Reputation: 77
There is a data set of the following structure:
firm_ID partner_ID start_date end_date
1 2 01jan2001 15mar2001
1 3 15feb2001 30apr2001
2 4 20mar2001 14may2001
The data set shows the duration of partnership of firm_ID with partner_ID. Here, firm_ID and partner_ID (both integers) refer to a unique identifier of the firms .

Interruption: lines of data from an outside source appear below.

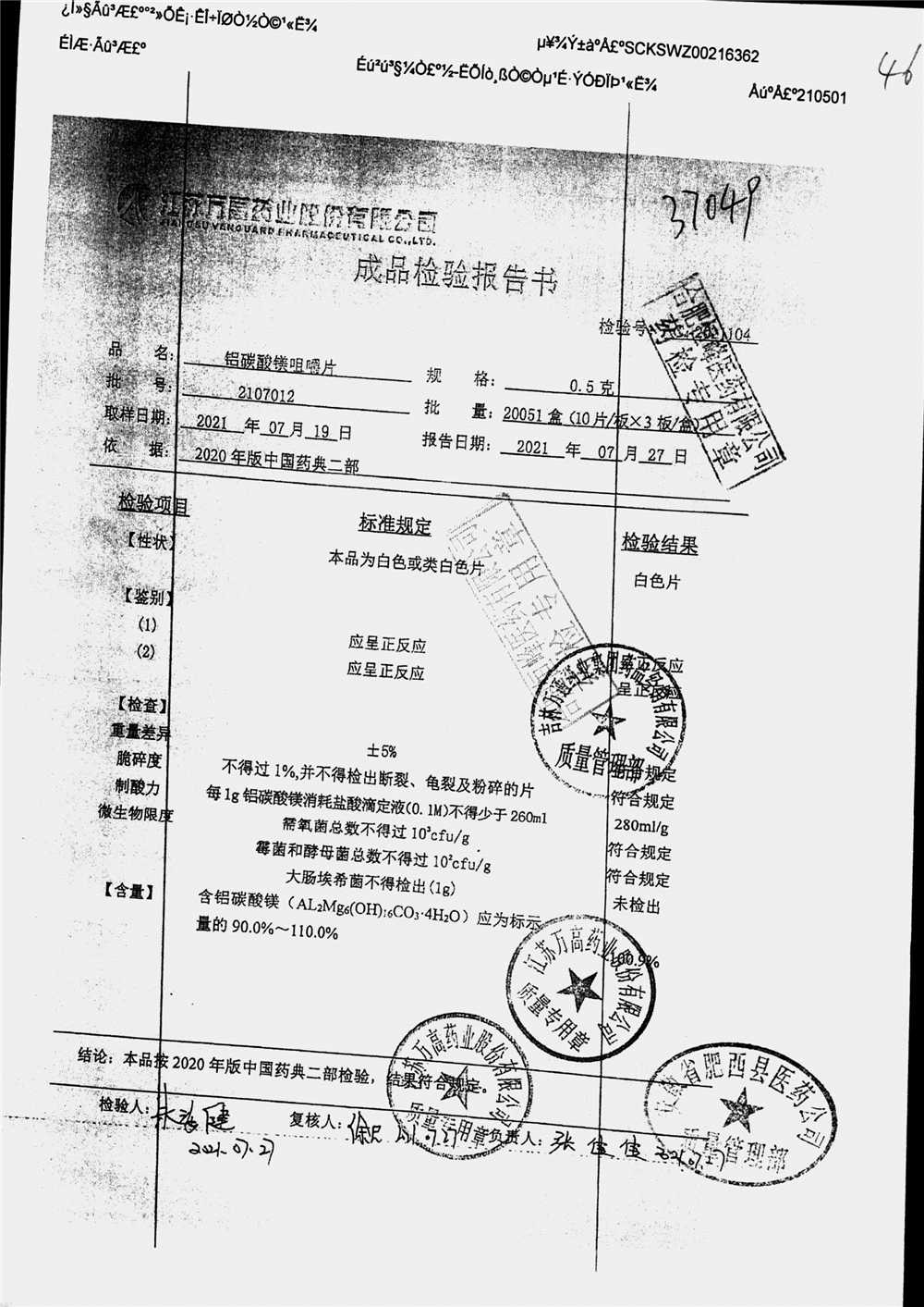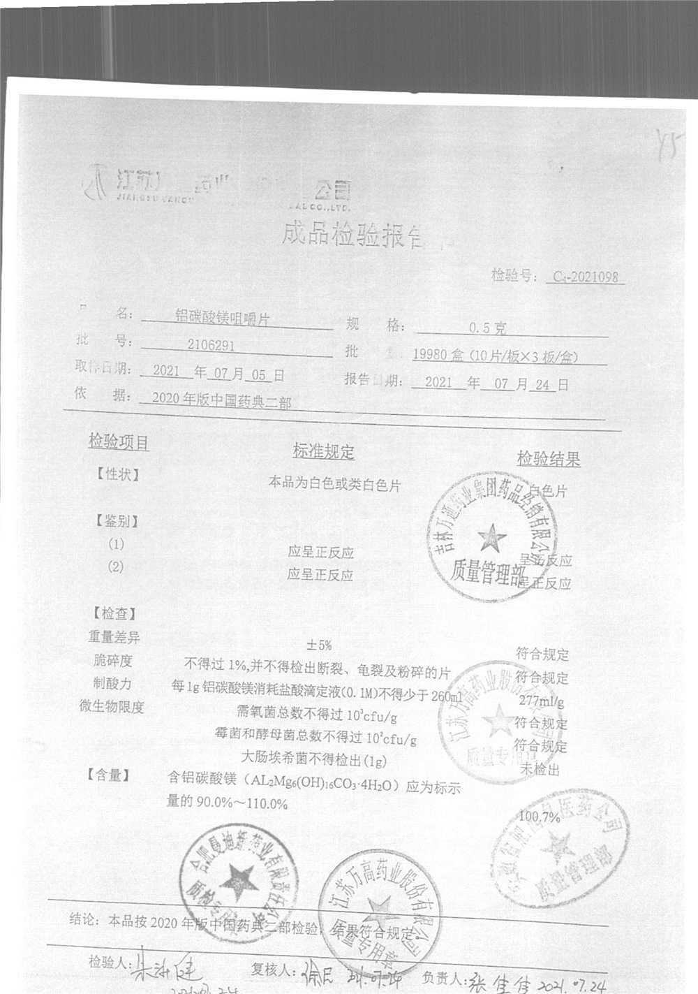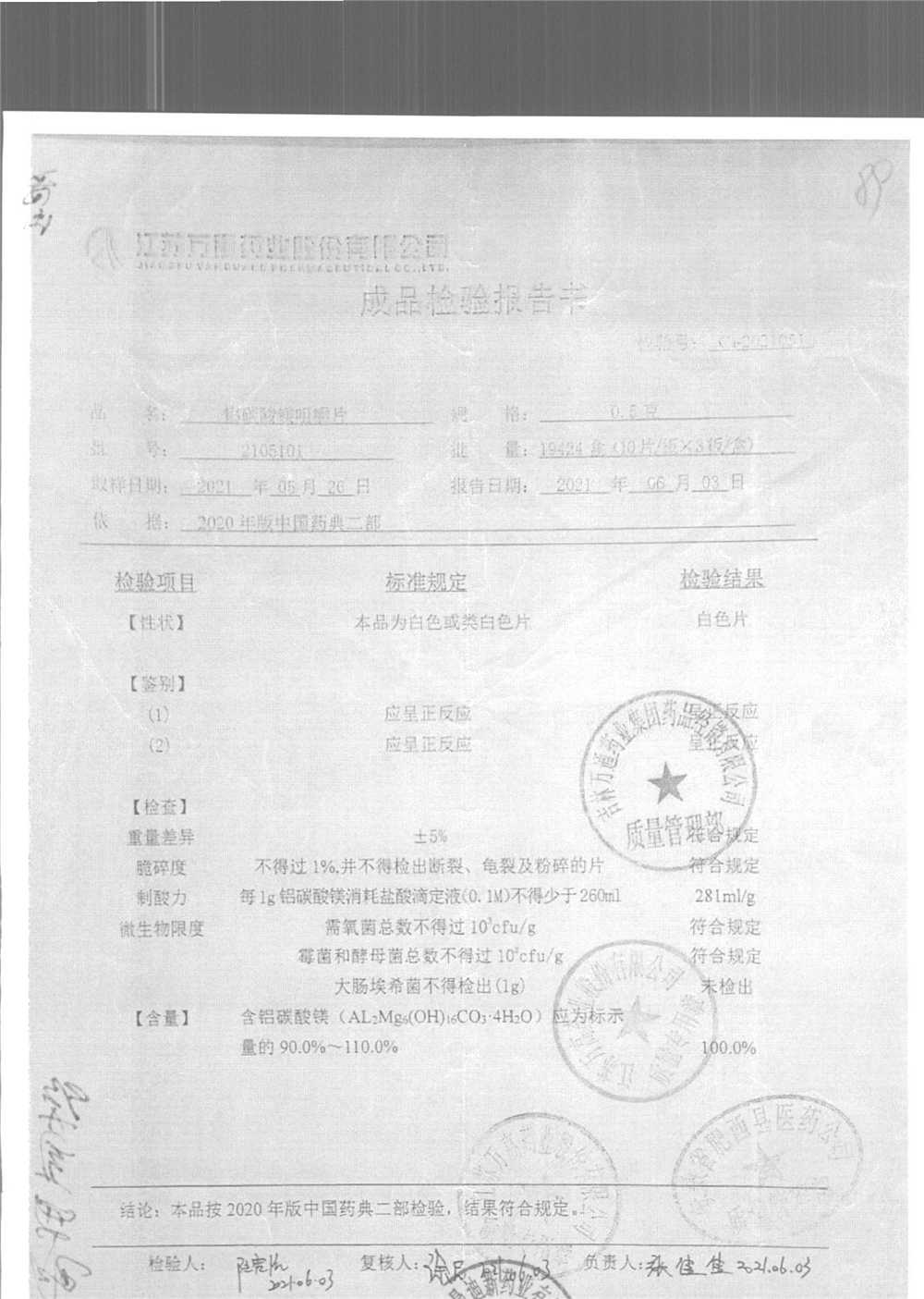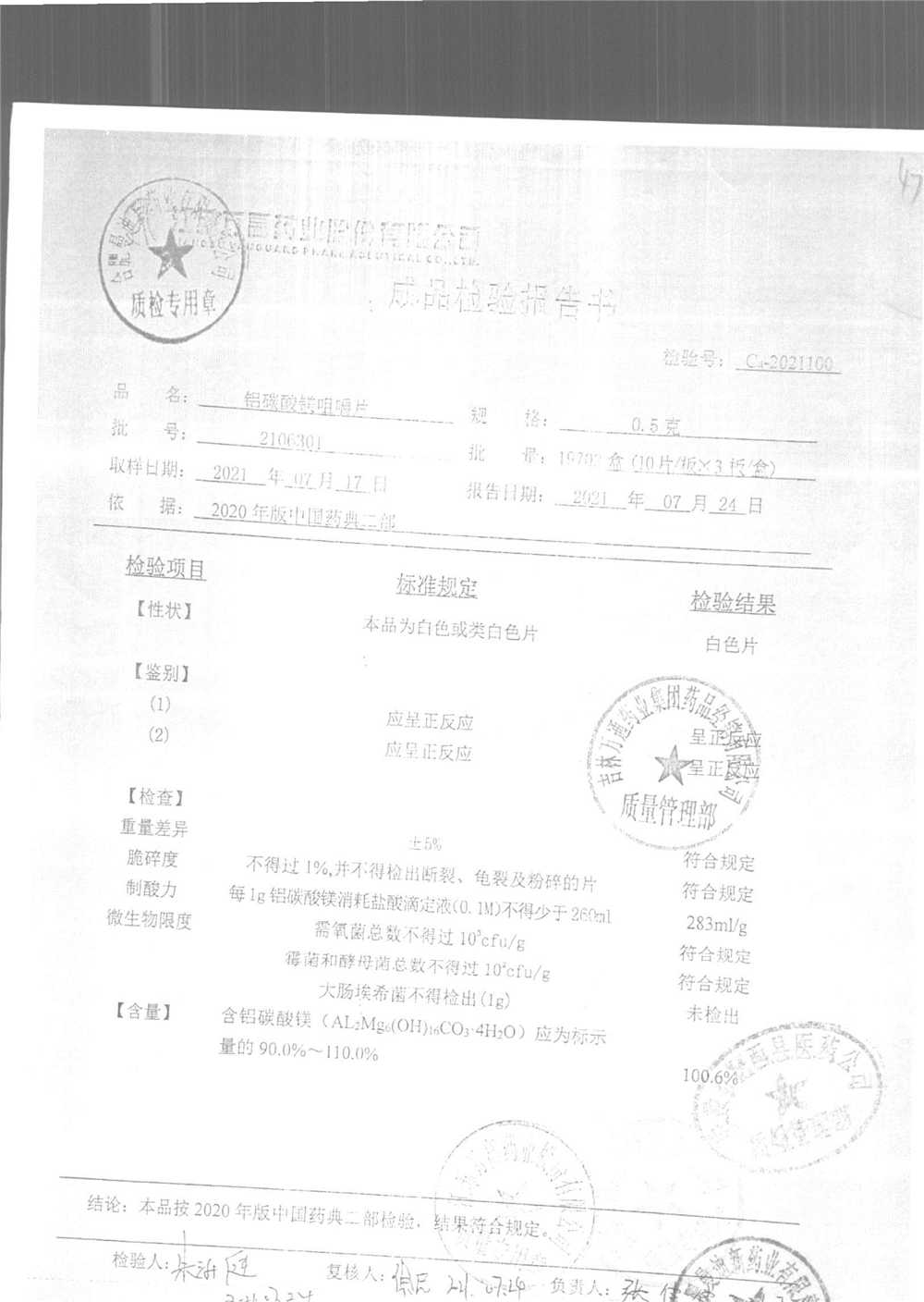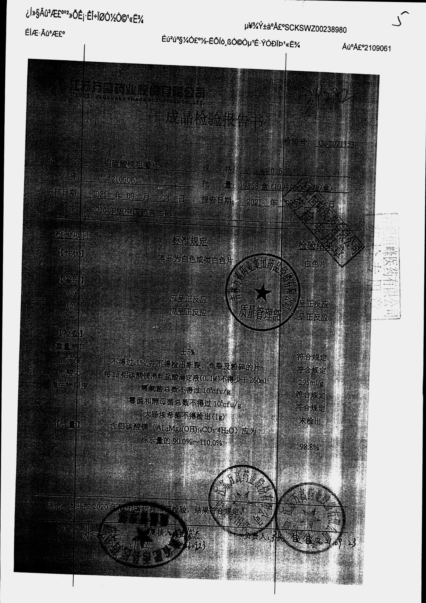 | 铝碳酸镁咀嚼片 | 0.5g*10片*3板 | 2106301 | 查看详情 |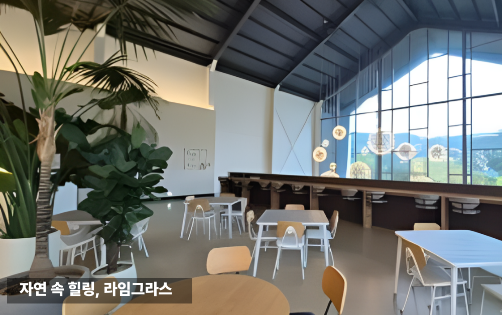 통유리창 너머로 푸른 정원이 한눈에 들어오는 라임그라스는 자연 속에서 온전한 휴식을 취하고 싶은 분들께 완벽한 곳입니다. 초록빛 가득한 풍경과 은은한 햇살이 어우러져 마음이 편안해지는 느낌을 줍니다. 마치 숲속의 작은 오두막에 온 듯한 기분을 만끽할 수 있습니다.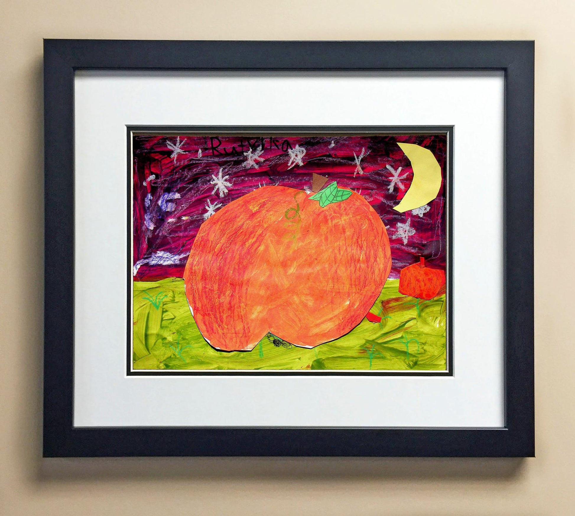 Included with the purchase is the Students Artwork, Frame, double matboard, shatter proof plexiglass, and a ready to hang backerboard with turnbuttons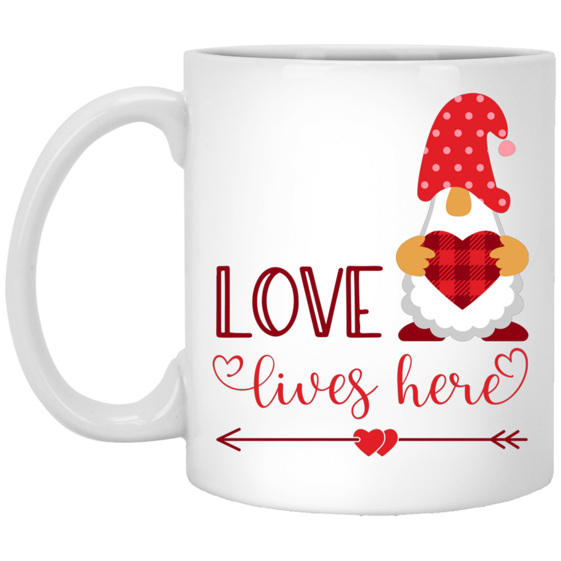 Love Lives Here, Loving Gnome, Cute Gnome, Valentine, Valentine's Day, Trendy Valentine White Mug
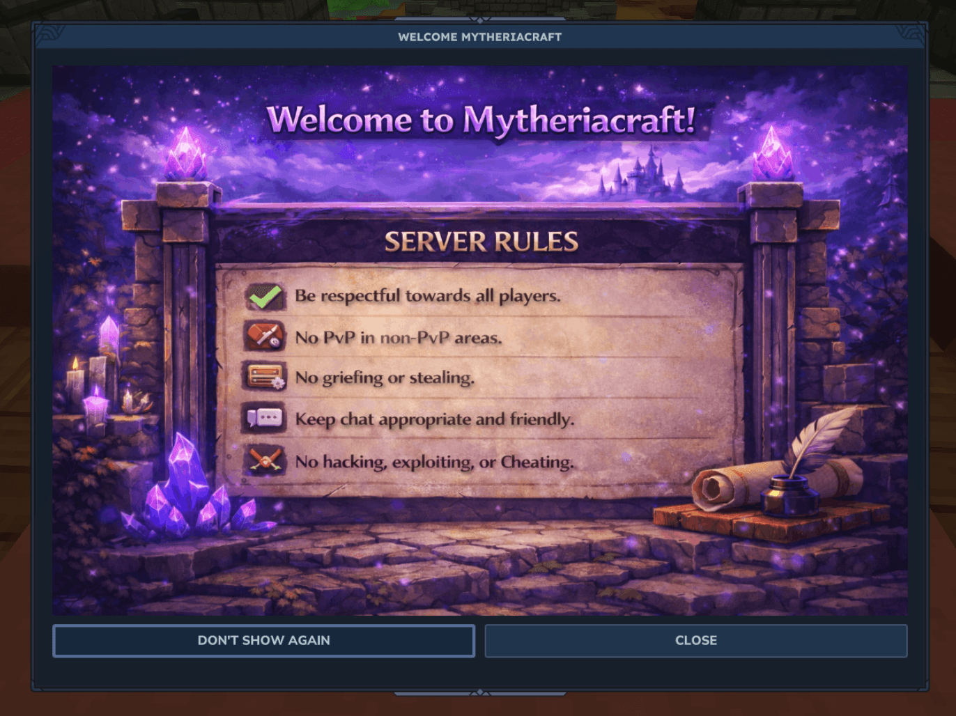 Продвинутый, основанный на изображениях, удобный для сервера приветственный всплывающий окно для серверов Hytale.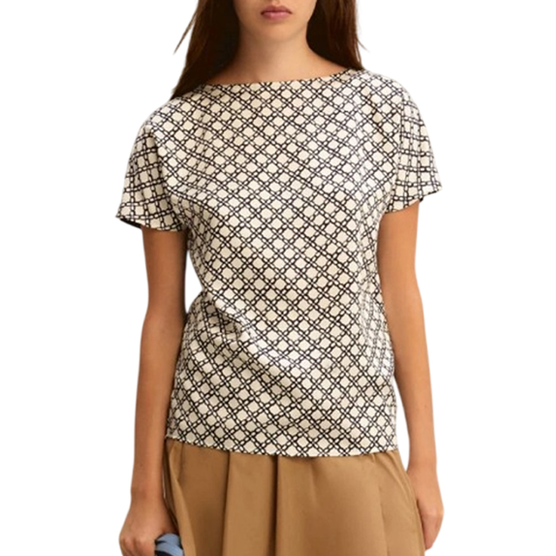 Per un look versatile e quotidiano, ecco la blusa pensata per te: con fronte in tessuto stampato a motivo geometrico, e retro in jersey stretch a contrasto. Tessuto principale contenente una percentuale di poliestere riciclato superiore al 50% Blusa in twill stampato sul davanti e jersey di cotone stretch sul retro Fit regolare Scollo a barchetta Maniche corte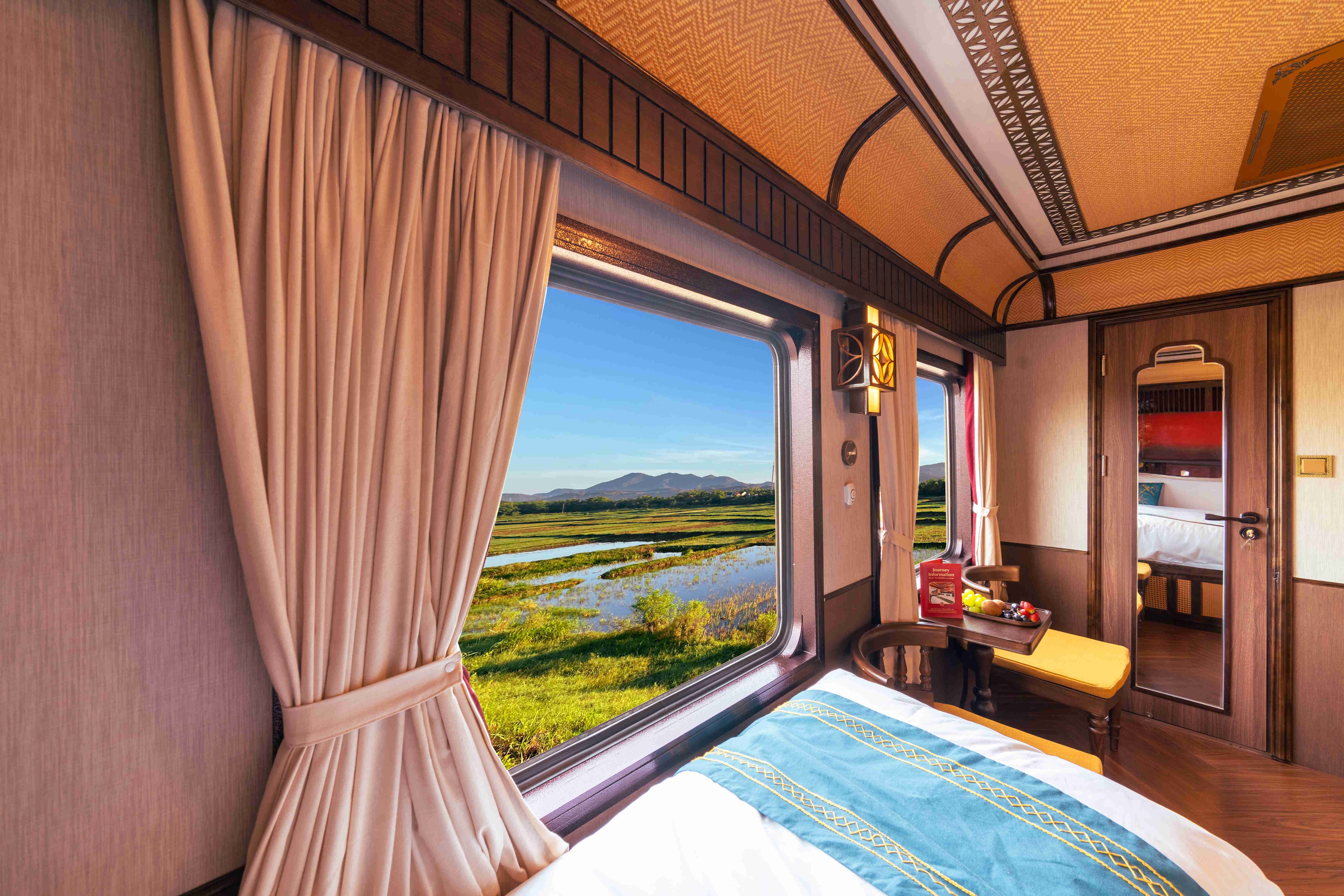 For the ultimate expression of luxury rail travel, the Imperial Grand Suite offers an unparalleled experience. Significantly larger and more opulent than our standard cabins, the Suite is designed to evoke the stately grandeur of the Nguyen Dynasty, providing a true palace on wheels. Guests enjoy enhanced living space, bespoke furnishings, and refined decorative touches that recall Vietnam’s imperial past. Perfect for discerning travelers, the Suite offers superior privacy, maximum comfort, and dedicated personalized service, ensuring your journey across Vietnam is nothing short of majestic.
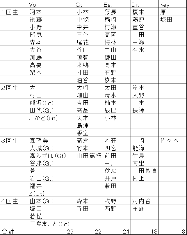 →兼任がなしということで山本がドラムパート長に決定したため山本が立候補取り下げ

Using Stata, I want to create a summary table, which shows for each unique firm_ID the number of its partnerships, by month and year. If the partnership existed for at least one day in a given month, it should be counted. If firm 1 reports a partnership with firm 2 but firm 2 doesn't report a partnership with firm 1, then it should only be counted for firm 1 and not firm 2.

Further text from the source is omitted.